Ask before reuse when:

  • the memory is sensitive,
  • the memory conflicts with the current request,
  • the memory was inferred rather than explicitly provided,
  • the memory comes from another context, account, user, or tool source,
  • the user may not expect it to affect this task.

Storage Rules

Do not store:

  • secrets, passwords, API keys, private keys, tokens, cookies, or security codes,
  • payment numbers, bank details, government IDs, medical records, legal records, raw financial records,
  • full private messages, full logs, full transcripts, or unrelated personal data,
  • protected-class traits, biometric data, child/minor data, trauma details, or intimate details unless explicitly requested and appropriate,
  • speculative inferences, labels, diagnoses, risk scores, or judgments about the user,
  • temporary task context that is only needed for the current request.

Prefer:

  • short user-approved preferences,
  • project-specific working notes with clear scope,
  • redacted summaries,
  • time-limited notes,
  • asking before storage.

Edit And Delete Rules

Before editing or deleting memory:

  • show or summarize the memory being changed,
  • explain the proposed edit or deletion,
  • get explicit approval,
  • avoid deleting broad groups of memories unless the user clearly requested that scope.

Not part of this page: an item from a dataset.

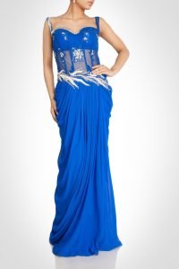 Blue Georgette Saree Gown With Swarovski Work

If a memory is wrong, stale, sensitive, or no longer wanted, ask whether to correct, narrow, or delete it.

Review Payload

When using a configured AANA checker, send only a minimal redacted review payload:

  • user_request
  • memory_operation
  • memory_summary
  • source_status
  • relevance_status
  • sensitivity_status
  • approval_status
  • lifecycle_status
  • recommended_action

Do not include raw secrets, credentials, full private records, full logs, full transcripts, full account records, or unrelated private data when a redacted summary is enough.

Decision Rule

  • If no memory is needed, do not use memory.
  • If low-risk memory is relevant and approved for this purpose, reuse it.
  • If storing, editing, deleting, importing, exporting, or sensitive reuse is proposed, request explicit approval.
  • If the content is sensitive or unnecessary, avoid storing and use temporary context only.
  • If the memory is stale, conflicting, or unsupported, ask before using or changing it.
  • If the memory action would expose secrets, violate consent, or misuse private data, refuse that part.
  • If a checker is unavailable or untrusted, use manual memory review.

Output Pattern

For memory-sensitive work, prefer:

AANA memory gate:
- Request: ...
- Memory operation: none / read / reuse / store / edit / delete / export / import / unknown
- Memory summary: ...
- Source: explicit_user / approved_preference / inferred / third_party / tool_output / unknown
- Relevance: relevant / partial / unrelated / unknown
- Sensitivity: ordinary / personal / private / financial / health / legal / credential / protected / unknown
- Approval: explicit / implicit_low_risk / required / denied / unclear
- Decision: proceed / ask / request_approval / narrow / avoid_storing / edit / delete / refuse

Do not include this gate in the user-facing answer unless approval, correction, deletion, or a memory boundary needs to be explained.